How small businesses can ensure they keep their best and brightest.
Great employees are the lifeblood of any small business. However, even happy workers may be tempted to explore whether the grass is greener at another company. Losing employees is a concern for most small businesses, not least because of the cost: a study from the Center for American Progress estimated that replacing an employee costs, on average, 20 percent of the employee’s annual salary.
“At a small business, everyone is that much more important; you’re a bigger piece of the pie,” says Dawn Fay, district president for staffing firm Robert Half. “There’s the cost of losing someone, but you also run the risk of losing other employees or burning people out as they carry a larger workload, which can affect your client service and product and ultimately impact your revenue.”
For small companies, keeping the right people in the right seats is crucial. Here are five ways to improve your employee retention and ensure your best and brightest stick around.
1. Hire well
It may seem obvious, but retention begins with hiring. In fact, the consequences of a bad hire can have a negative ripple effect across your company, and even cause others to leave. For a small business, this is especially true– one bad apple can spoil the lot. A recent survey of 2,100 CFOs revealed that most consider lower staff morale the single biggest impact of a bad hiring decision.
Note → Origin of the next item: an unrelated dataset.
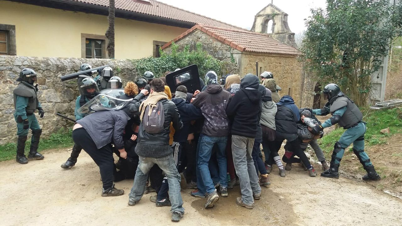 Tras el grito de"no somos actores, somos okupas", se aclara a la comisión judicial y a la Guardia Civil que no estamos ahí para figurar, que está resistiendo pacíficamente para defender un edificio que había sido abierto como centro social para todes y que la fundación propietaria quiere recuperar únicamente para llenarlo de cerraduras otra vez. Acaba la negociación y nos comunican que van a proceder a intervenir las "fuerzas especiales". Desfilan entonces treinta antidisturbios de una unidad de seguridad ciudadana, la USECIC, con sus porras, cascos, escudos y carabina de aire comprimido. Empiezan a cruzar por el prao aledaño donde la Guardia Civil había aparcado, disponiéndose a bajar al frente del Palaciu desde ahí.

Jessica Mah, founder of San Francisco-based inDinero, which makes accounting, payroll and tax software and employs just under 100 people, uses her company’s values to ensure she’s finding people who are a good fit from the start. The values provide a framework for articulating to potential employees the behaviors that are important, such as constant learning and collaboration. “We know exactly what we want,” she says. “It makes it ten times easier.”
2. Stay competitive and get creative
For many small businesses, beating the salaries of bigger companies may be a challenge. However, Robert Half ’s Fay says remaining competitive does help.
“Salary isn’t everything, but it’s a piece,” she says. If you’re unable to boost base salaries, then consider getting creative with your compensation models.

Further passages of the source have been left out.